─── Data provided ───
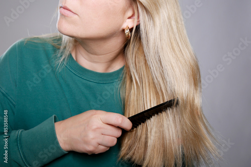 Close up portrait of a caucasian woman brushing her blonde hair with a black comb
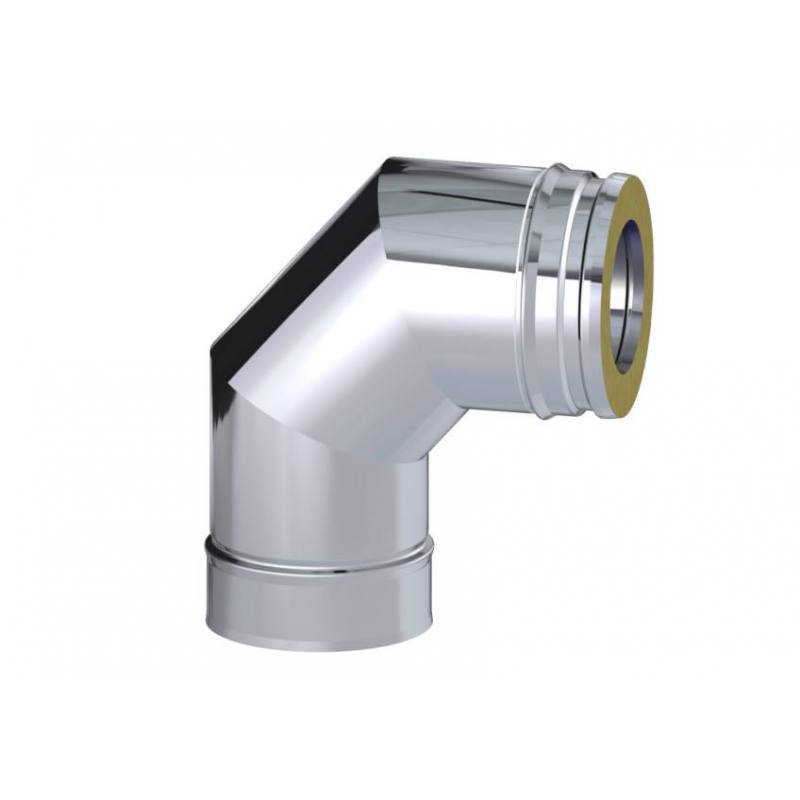 Codo de 90º de acero inoxidable Aisi 316L-304 para instalaciones de salida de humos derivado de chimeneas de pellets.
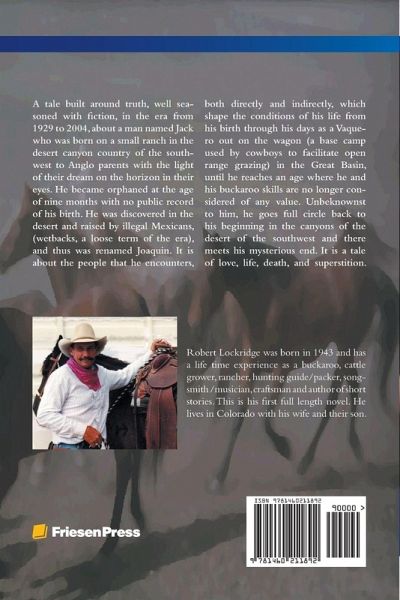 A tale built around truth, well seasoned with fiction, in the era from 1929 to 2004, about a man named Jack who was born on a small ranch in the desert canyon country of the southwest to Anglo parents with the light of their dream on the horizon in their eyes. He became orphaned at the age of nine months with no public record of his birth. He was discovered in the desert and raised by illegal Mexicans, (wetbacks, a loose term of the era), and thus was renamed Joaquin. It is about the people that he encounters, both directly and indirectly, which shape the conditions of his life from his birth through his days as a Vaquero out on the wagon (a base camp used by cowboys to facilitate open range grazing) in the Great Basin, until he reaches an age where he and his buckaroo skills are no longer considered of any value. Unbeknownst to him, he goes full circle back to his beginning in the canyons of the desert of the southwest and there meets his mysterious end. It is a tale of love, life, death, and superstition.
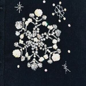 Tiara International Black Cardigan Pink Sequin Beads Snowflakes Size L Christmas
───
### Exercise prompt
Give an exact copy of the listing above that leaves out every picture.

### Result for this task
 Close up portrait of a caucasian woman brushing her blonde hair with a black comb
 Codo de 90º de acero inoxidable Aisi 316L-304 para instalaciones de salida de humos derivado de chimeneas de pellets.
 A tale built around truth, well seasoned with fiction, in the era from 1929 to 2004, about a man named Jack who was born on a small ranch in the desert canyon country of the southwest to Anglo parents with the light of their dream on the horizon in their eyes. He became orphaned at the age of nine months with no public record of his birth. He was discovered in the desert and raised by illegal Mexicans, (wetbacks, a loose term of the era), and thus was renamed Joaquin. It is about the people that he encounters, both directly and indirectly, which shape the conditions of his life from his birth through his days as a Vaquero out on the wagon (a base camp used by cowboys to facilitate open range grazing) in the Great Basin, until he reaches an age where he and his buckaroo skills are no longer considered of any value. Unbeknownst to him, he goes full circle back to his beginning in the canyons of the desert of the southwest and there meets his mysterious end. It is a tale of love, life, death, and superstition.
 Tiara International Black Cardigan Pink Sequin Beads Snowflakes Size L Christmas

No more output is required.